Rocco Seals The Deal
Rocco has left the building.
A few hours after shareholders overwhelming approved Mediacom Communications chairman and CEO Rocco Commisso's offer to purchase the remaining shares of the company he founded in 1995, Mediacom closed the deal that effectively took it off the public rolls.
Commisso had proposed taking the company private in June. After several rounds of negotiations with a special committee of independent directors appointed specifically to evaluate the proposal, Mediacom accepted a revised offer in November for $8.75 per share. The final piece of the puzzle was completed at round 10:30 a.m. on March 4 at a special meeting of shareholders in New York City to approve the deal. According to Mediacom, more than 97% of the shareholders who voted affirmed Commisso's proposal. The transaction was closed a few hours later.

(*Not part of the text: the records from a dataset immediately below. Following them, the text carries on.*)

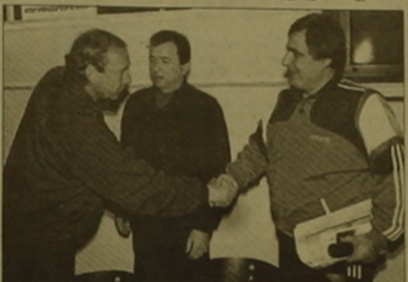
Հավաքականների գլխավոր մարզիչների բարեկամական ծնոթեղմունք

Հայաստանի ֆուտբոլի ֆեդերացիայի լրացված բաժնի նախածնունդով երեկ մամուլի ասուլիս անցկացրեցին եվրոպայի առաջնության 4-րդ ընտրական խմբի այսօրվա մրցակիցներ Հայաստանի և Ռուսաստանի ազգային հավաքականների գլխավոր մարզիչները: «Այն էլ էլ են» համալիր տրախ, որտեղ կայացավ ասուլիսը, լեվիզեցում էր: Ընդ որում, Հայաստանի ու Ռուսաստանի լրագրողների բացի ներկա էին նաև այլ երկրների ներկայացուցիչներ: Իրոք որ հեծաբերություն այս խաղի նկատմամբ հսկայական է: Դա զգացվում էր եւ հարցերից ու դասախոսներից, եւ այն մթնոլորտից, որ սիրում էր տրախում: Երկու հավաքականների մարզիչներ էլ նեցցին, որ թե քիմերի ղեկավարները, թե խաղազոտները մի առանձին սրամաղվածությամբ են դասարանվում այս հանդիպմանը: Սուրեն Բարսեղյանը սկզբից եւթ նեցց, որ ծագումը նախեստված հունվար-փետրվար ամիսների հավաքները չանցկացվեցին քարքեր դասախոսներով: Միայն փետրվարի վերջին թիմը հավաքվեց (այն էլ ոչ լիվ կազ-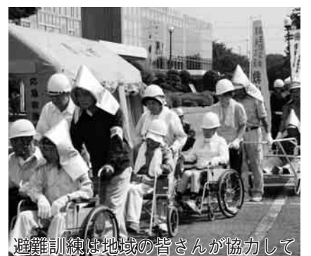
避難訓練は地域の皆さんが協力して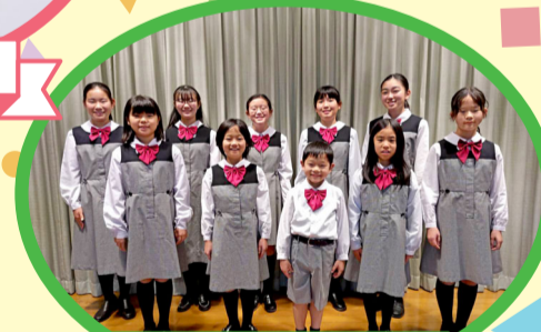
壬生少年少女合唱団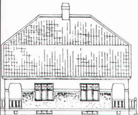
Ritning till enfamiljs dubbelhus 1909. Arkitekt troligen R Arborelius.

Kontakter från stadsmuseet med en forskningsgrupp för ombyggnadsfrågor på Statens institut för byggnadsforskning resulterade i ett samarbete. Utställningen kom därigenom att innehålla två bitar som placerades i var sin halva av huset. Stadsmuseets del visade hur området planerades och byggdes ut till ett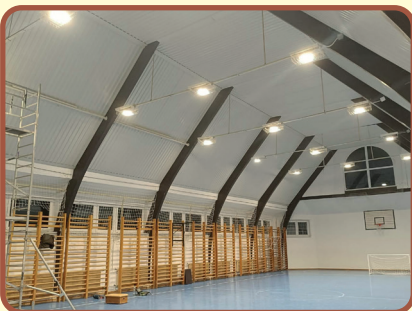
Tornaterem világítás korszerűsítés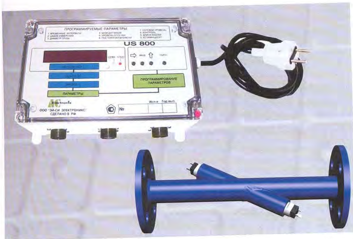
Рисунок 1 - Общий вид расходомера-счетчика жидкости ультразвукового US800 и УПР

Конструктивно ЭБ представляет собой герметичный пластиковый приборный корпус для настенного монтажа.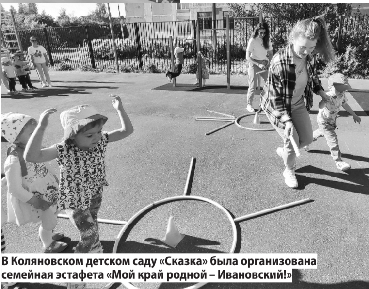
В Колянновском детском саду «Сказка» была организована семейная эстафета «Мой край родной - Ивановский!»

В других сельских библиотеках для детей были проведены краеведческие часы. Например, в Железнодорожной юные читатели раскрыли понятие «малая родина». Они делились мыслями о том, в чем должна проявляться ответственность перед ней, что значит думать и переживать за судьбу любимого края. Дети вспомнили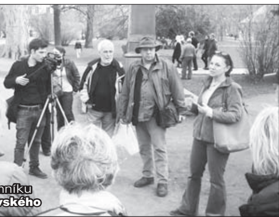
Diskuze u pomníku Josefa Dobrovského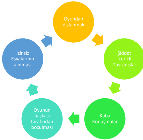
Şekil 4. 2. İstenmedik davranış örneklerine yönelik çocuk görüşleri

Şekil 4.2 incelendiğinde çocukların istenmedik davranışlara karşı görüşleri genellikle kendi alanlarına yapılan müdahaleler sonucu duydukları rahatsızlıkların ifade edilmesi olmuştur. Fiziksel ve psikolojik şiddet tüm çocuklar için bulgular sonucu istenmedik davranışlar olarak ifade edilmiştir.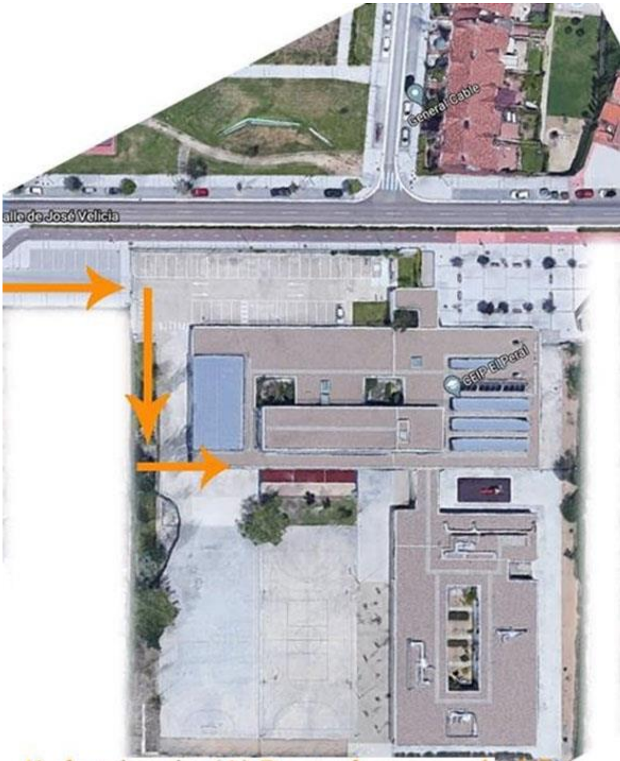
4° de primaria. (A) Puerta de acceso al edificio (B) por puerta de emergencia. (C) por puerta de 3°

Commisso founded Mediacom in 1995 and took it public in 2000. In the meantime Mediacom has grown into the eighth largest MSO in the country with about 1.2 million customers. But Commisso grew increasingly frustrated with Wall Street valuations and volatility. In a document filed with the Securities and Exchange Commission in February, Mediacom said that the gap between public and private valuations led Commisso to consider taking the company private.

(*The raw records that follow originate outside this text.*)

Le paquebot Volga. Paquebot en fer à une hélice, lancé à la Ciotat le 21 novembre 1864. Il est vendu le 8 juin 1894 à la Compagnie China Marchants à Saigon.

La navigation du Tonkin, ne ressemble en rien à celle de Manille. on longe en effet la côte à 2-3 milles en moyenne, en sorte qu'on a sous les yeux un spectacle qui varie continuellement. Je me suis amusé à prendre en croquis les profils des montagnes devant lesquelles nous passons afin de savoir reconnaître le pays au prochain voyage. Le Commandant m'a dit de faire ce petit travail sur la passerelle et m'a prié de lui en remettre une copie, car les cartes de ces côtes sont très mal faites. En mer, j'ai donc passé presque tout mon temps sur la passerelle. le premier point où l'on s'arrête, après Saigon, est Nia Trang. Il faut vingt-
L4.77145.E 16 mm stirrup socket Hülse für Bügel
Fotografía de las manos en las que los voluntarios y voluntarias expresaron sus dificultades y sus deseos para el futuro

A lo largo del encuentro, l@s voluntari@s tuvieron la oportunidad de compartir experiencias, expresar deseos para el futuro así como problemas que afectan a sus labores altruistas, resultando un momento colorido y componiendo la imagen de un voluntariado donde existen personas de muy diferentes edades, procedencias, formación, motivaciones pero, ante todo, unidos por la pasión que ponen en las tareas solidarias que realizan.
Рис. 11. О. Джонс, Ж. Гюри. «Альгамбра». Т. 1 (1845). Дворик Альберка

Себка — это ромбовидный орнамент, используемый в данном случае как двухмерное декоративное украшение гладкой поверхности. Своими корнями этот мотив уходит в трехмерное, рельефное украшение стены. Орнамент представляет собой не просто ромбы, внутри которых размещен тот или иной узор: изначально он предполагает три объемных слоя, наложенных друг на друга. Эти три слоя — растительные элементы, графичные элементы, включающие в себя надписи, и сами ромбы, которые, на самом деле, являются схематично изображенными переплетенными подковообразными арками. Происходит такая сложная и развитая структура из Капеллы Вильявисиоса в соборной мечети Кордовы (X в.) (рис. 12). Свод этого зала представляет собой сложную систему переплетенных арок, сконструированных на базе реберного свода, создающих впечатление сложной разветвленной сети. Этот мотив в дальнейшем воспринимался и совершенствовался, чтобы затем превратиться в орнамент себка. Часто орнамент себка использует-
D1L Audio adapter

"I was gratified to see our public stockholders overwhelmingly approve the going-private transaction at today's meeting," Commisso said in a statement after the deal closed." Our management team and fellow employees can now focus full time on delivering the best experience to our customers. I am excited for the Company and our employees as we enter a new chapter in our history.
"I wish to extend my heartfelt gratitude to the members of our Board of Directors, most of whom served the company since our initial public offering in 2000," Commisso continued. "Throughout the years, they made tremendous contributions, provided sound wisdom and advice to our management team, and at all times upheld the interests of public stockholders. I wish them well in their future endeavors,"

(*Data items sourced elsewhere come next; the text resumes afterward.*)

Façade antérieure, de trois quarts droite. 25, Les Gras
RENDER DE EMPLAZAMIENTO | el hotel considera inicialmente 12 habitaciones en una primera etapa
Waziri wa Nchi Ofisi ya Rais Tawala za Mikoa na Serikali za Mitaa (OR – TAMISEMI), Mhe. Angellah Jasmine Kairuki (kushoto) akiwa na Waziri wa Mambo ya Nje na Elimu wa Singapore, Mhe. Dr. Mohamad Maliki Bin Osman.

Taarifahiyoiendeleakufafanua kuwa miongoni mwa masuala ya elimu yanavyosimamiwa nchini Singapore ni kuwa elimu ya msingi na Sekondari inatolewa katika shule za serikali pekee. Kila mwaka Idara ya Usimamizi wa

Over the past few years, Mediacom stock has languished in the $3 to $4 per share range. In 2010 the stock had one of its biggest increases ever - 89.5% or $4 per share - but that was mainly in the second half of the year, after Commisso made his first buyout offer in June.
On Friday, Mediacom stock closed (for the last time) at $8.84 per share, up 2 cents each and representing a 97.8% increase over the past 14 months.
As a newly private company, Mediacom joins the ranks of other cable companies that eschewed public investors - including Cox Communications in 2004 and Insight Communications in 2005.
With its new status as a private company, Mediacom will now be able to focus on longer-term goals. But it won't be free from public scrutiny entirely - its operating subsidiaries Mediacom, LLC and Mediacom Broadband, LLC will still file financial documents with the SEC because both have public debt.